2' di lettura 15/06/2022 - Eseguito, un provvedimento di confisca per un valore di 420.000 euro, nelle scorse settimane i finanzieri del Nucleo di polizia economico-finanziaria di Ancona, nei confronti di un imprenditore 70enne di Osimo

La misura, disposta nel corpo di una sentenza irrevocabile di condanna a sei mesi di reclusione per il reato di omesso versamento di ritenute certificate, emessa dalla Corte di Appello di Ancona e confermata definitivamente dalla Suprema Corte di Cassazione.

Il procedimento, avviato sulla base delle risultanze di accertamenti eseguiti da funzionari dell’Agenzia delle Entrate di Ancona nei confronti della società in cui l'impreditore 70enne rivestiva la carica di socio e legale rappresentante, operante nel settore della fabbricazione di componenti elettronici, che hanno permesso di acclarare che l'uomo non avrebbe provveduto a versare le ritenute effettuate sugli stipendi dei dipendenti della ditta negli anni 2011 e 2012.

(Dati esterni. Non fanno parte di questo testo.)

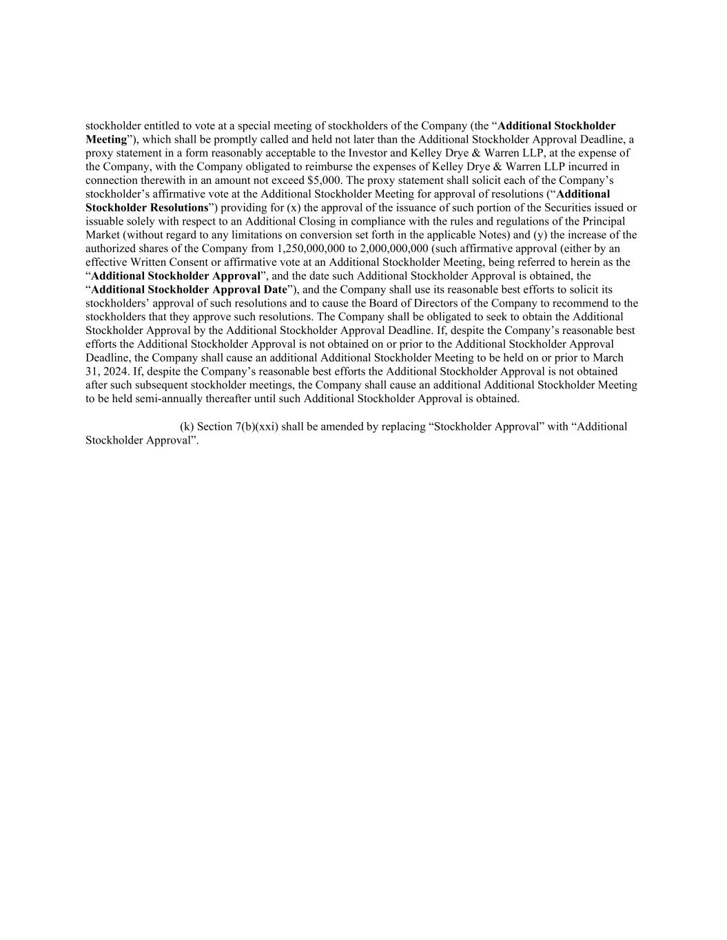 stockholder entitled to vote at a special meeting of stockholders of the Company (the “Additional Stockholder Meeting”), which shall be promptly called and held not later than the Additional Stockholder Approval Deadline, a proxy statement in a form reasonably acceptable to the Investor and Kelley Drye & Warren LLP, at the expense of the Company, with the Company obligated to reimburse the expenses of Kelley Drye & Warren LLP incurred in connection therewith in an amount not exceed $5,000. The proxy statement shall solicit each of the Company’s stockholder’s affirmative vote at the Additional Stockholder Meeting for approval of resolutions (“Additional Stockholder Resolutions”) providing for (x) the approval of the issuance of such portion of the Securities issued or issuable solely with respect to an Additional Closing in compliance with the rules and regulations of the Principal Market (without regard to any limitations on conversion set forth in the applicable Notes) and (y) the increase of the authorized shares of the Company from 1,250,000,000 to 2,000,000,000 (such affirmative approval (either by an effective Written Consent or affirmative vote at an Additional Stockholder Meeting, being referred to herein as the “Additional Stockholder Approval”, and the date such Additional Stockholder Approval is obtained, the “Additional Stockholder Approval Date”), and the Company shall use its reasonable best efforts to solicit its stockholders’ approval of such resolutions and to cause the Board of Directors of the Company to recommend to the stockholders that they approve such resolutions. The Company shall be obligated to seek to obtain the Additional Stockholder Approval by the Additional Stockholder Approval Deadline. If, despite the Company’s reasonable best efforts the Additional Stockholder Approval is not obtained on or prior to the Additional Stockholder Approval Deadline, the Company shall cause an additional Additional Stockholder Meeting to be held on or prior to March 31, 2024. If, despite the Company’s reasonable best efforts the Additional Stockholder Approval is not obtained after such subsequent stockholder meetings, the Company shall cause an additional Additional Stockholder Meeting to be held semi-annually thereafter until such Additional Stockholder Approval is obtained. (k) Section 7(b)(xxi) shall be amended by replacing “Stockholder Approval” with “Additional Stockholder Approval”.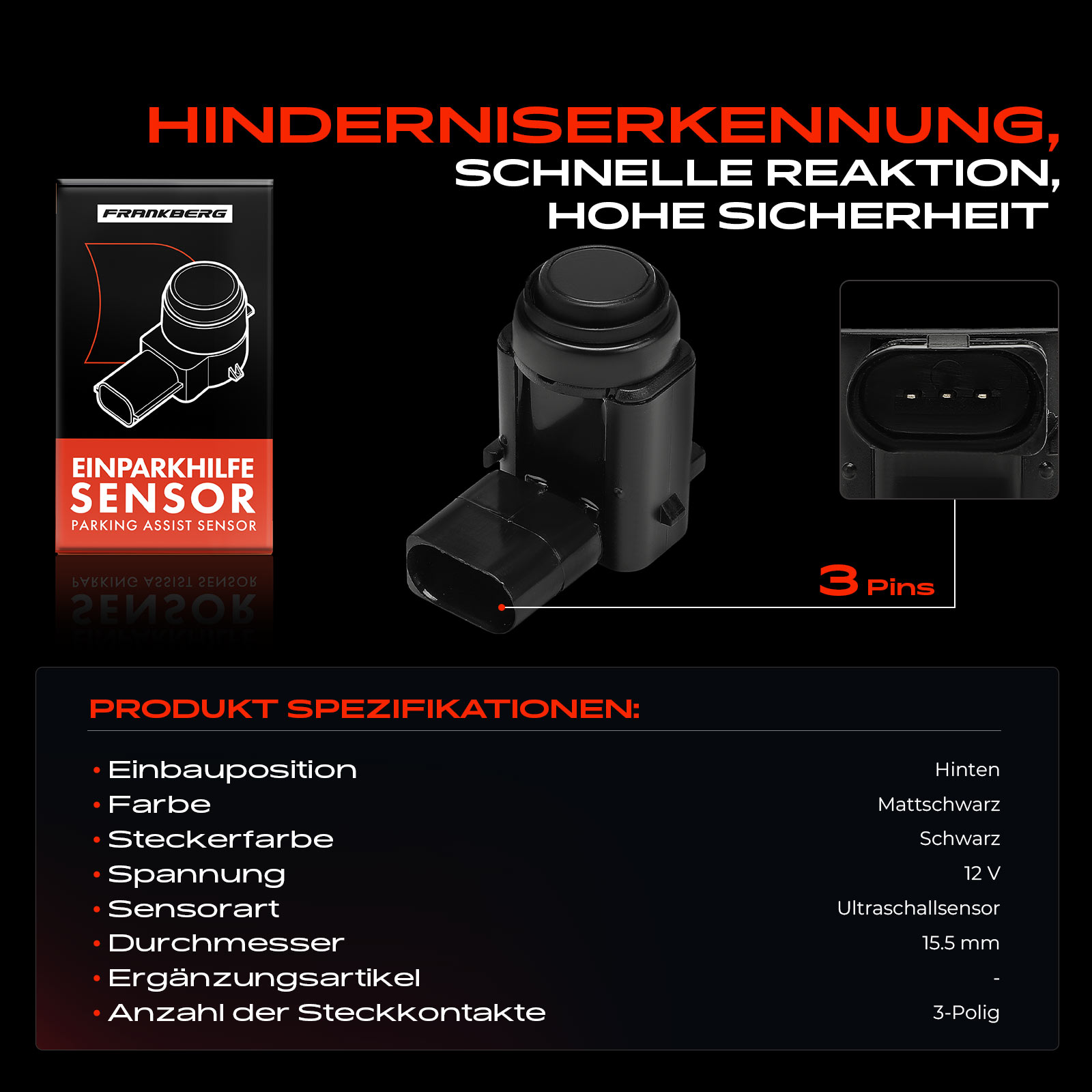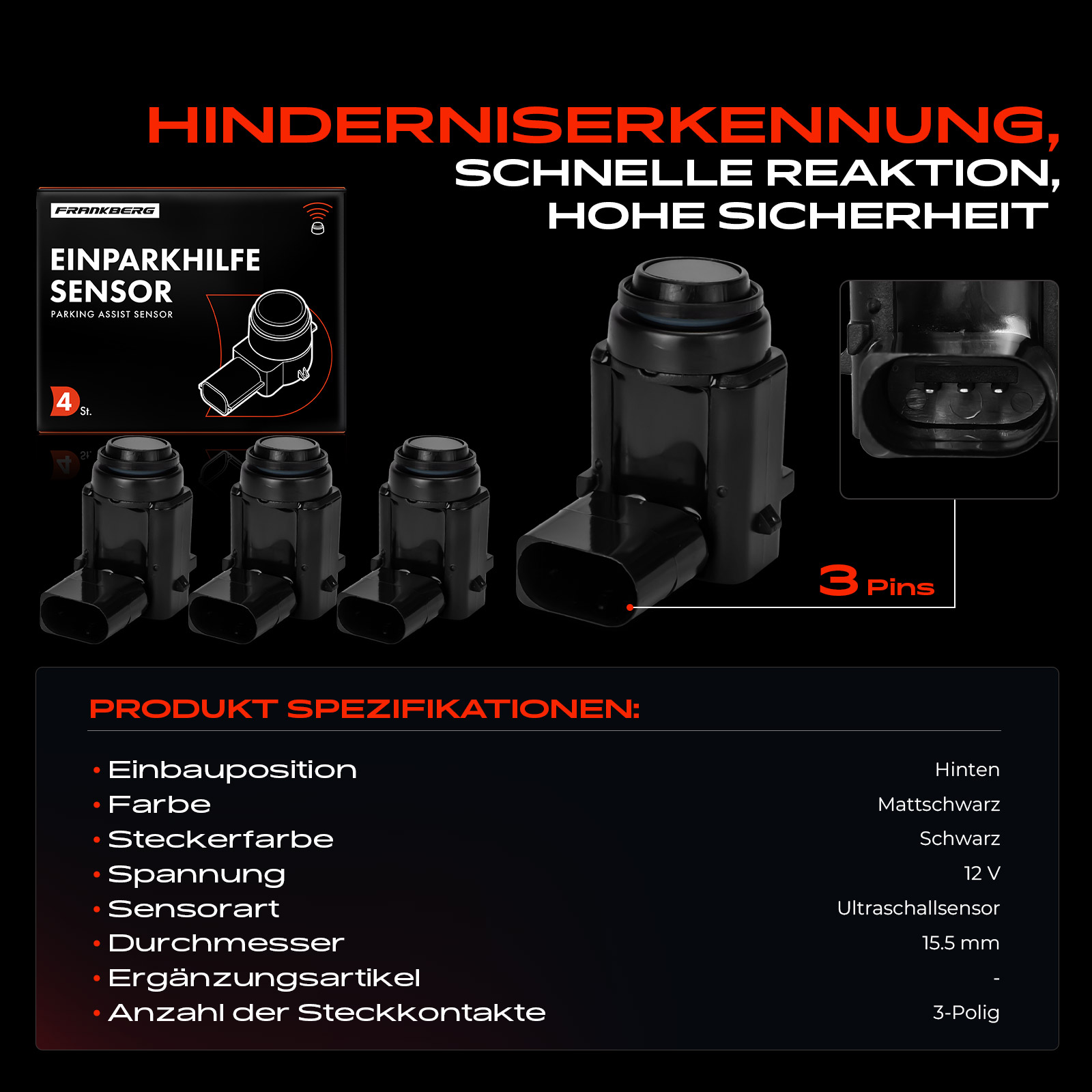 брой на щепселните контакти: 3-щифтенвид на датчика: свръхзвуков датчикØ: 15,5mmнапрежение: 12волтколичество: 4страна на монтаж: отзадцвят: черенцвят на щекер: черен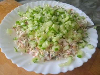 Сделала начинку из сыра, крабовых палочек и майонеза. Мои палочки не разворачивались, поэтому я их мелко порубила. Для пикантности в майонез добавила зернистой горчицы. Все смешала, попробовала начинку, но вышло немного солоновато. Чтоб нейтрализовать соль и для хрусткости добавила свежего огурчика. Начинила блинчики, скрутила в рулеты, разрезала на роллы. Вуаля! Закуска к приходу новых гостей готова. А завтра – прощай, Масленица!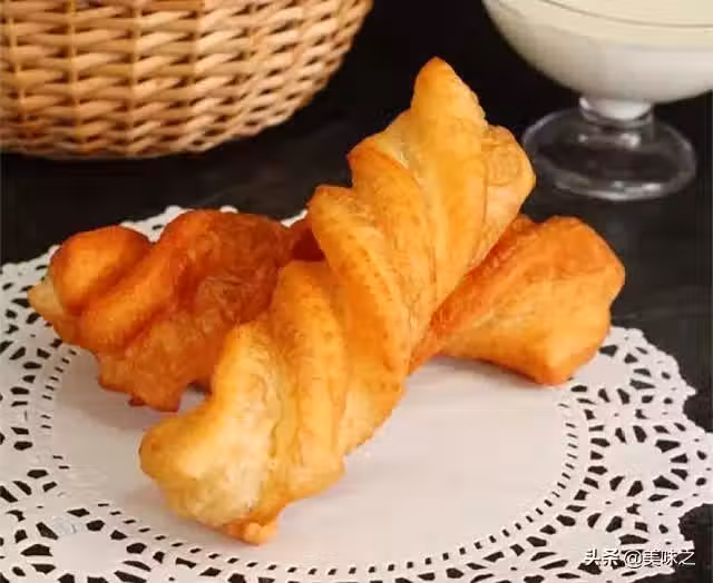 7、加熱200度油鍋,放入油條,炸至金黃,炸好的油條放在廚房用紙上濾油。
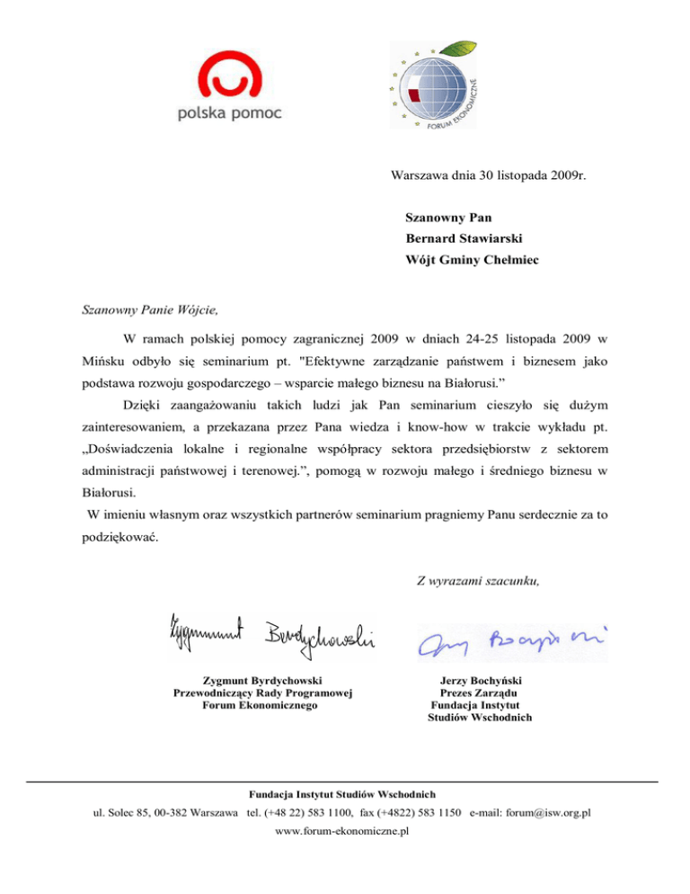 Warszawa dnia 30 listopada 2009r. Szanowny Pan Bernard Stawiarski Wójt Gminy Chełmiec Szanowny Panie Wójcie, W ramach polskiej pomocy zagranicznej 2009 w dniach 24-25 listopada 2009 w Mińsku odbyło się seminarium pt. "Efektywne zarządzanie państwem i biznesem jako podstawa rozwoju gospodarczego – wsparcie małego biznesu na Białorusi.” Dzięki zaangażowaniu takich ludzi jak Pan seminarium cieszyło się dużym zainteresowaniem, a przekazana przez Pana wiedza i know-how w trakcie wykładu pt. „Doświadczenia lokalne i regionalne współpracy sektora przedsiębiorstw z sektorem administracji państwowej i terenowej.”, pomogą w rozwoju małego i średniego biznesu w Białorusi. W imieniu własnym oraz wszystkich partnerów seminarium pragniemy Panu serdecznie za to podziękować. Z wyrazami szacunku, Zygmunt Byrdychowski Przewodniczący Rady Programowej Forum Ekonomicznego Jerzy Bochyński Prezes Zarządu Fundacja Instytut Studiów Wschodnich Fundacja Instytut Studiów Wschodnich ul. Solec 85, 00-382 Warszawa tel. (+48 22) 583 1100, fax (+4822) 583 1150 e-mail: [email protected] www.forum-ekonomiczne.pl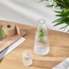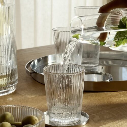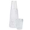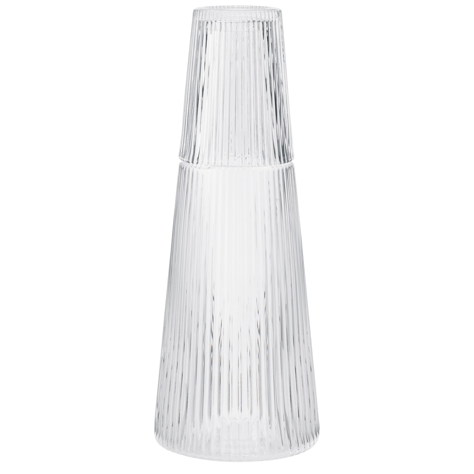Deze prachtige karaf met bijbehorend glas heeft dezelfde verfijnde uitstraling, strakke vormen en een gegroefd oppervlak. De karaf heeft een inhoud van 1 liter en wordt geleverd met een kleiner glas van 15 cl dat tevens als deksel dient, een perfecte cadeauset voor op kantoor of voor elke thuiswerkplek.

A seguito della sentenza con cui è stata disposta la confisca, sono stati delegati degli approfondimenti investigativi al Nucleo di polizia economico-finanziaria, con la finalità di una ricostruzione della capacità patrimoniale e finanziaria dell'imprenditore osimano ed individuare i beni da sottoporre alla misura.

Il provvedimento è stato quindi eseguito sia su un conto corrente bancario che due fondi pensione ed anche su tre unità immobiliari, due terreni e due autoveicoli riconducibili all’imprenditore osimano condannato, riuscendo così a mettere al sicuro il credito vantato dal Fisco.

L’attività svolta è la risultante di una stretta sinergia tra Procura della Repubblica di Ancona, Guardia di Finanza e Agenzia delle Entrate, sancita dalla stipula nel giugno 2019 di un importante Protocollo d’intesa finalizzato a rafforzare il coordinamento nel settore dei reati tributari attraverso una maggiore ed efficace circolarità delle informazioni.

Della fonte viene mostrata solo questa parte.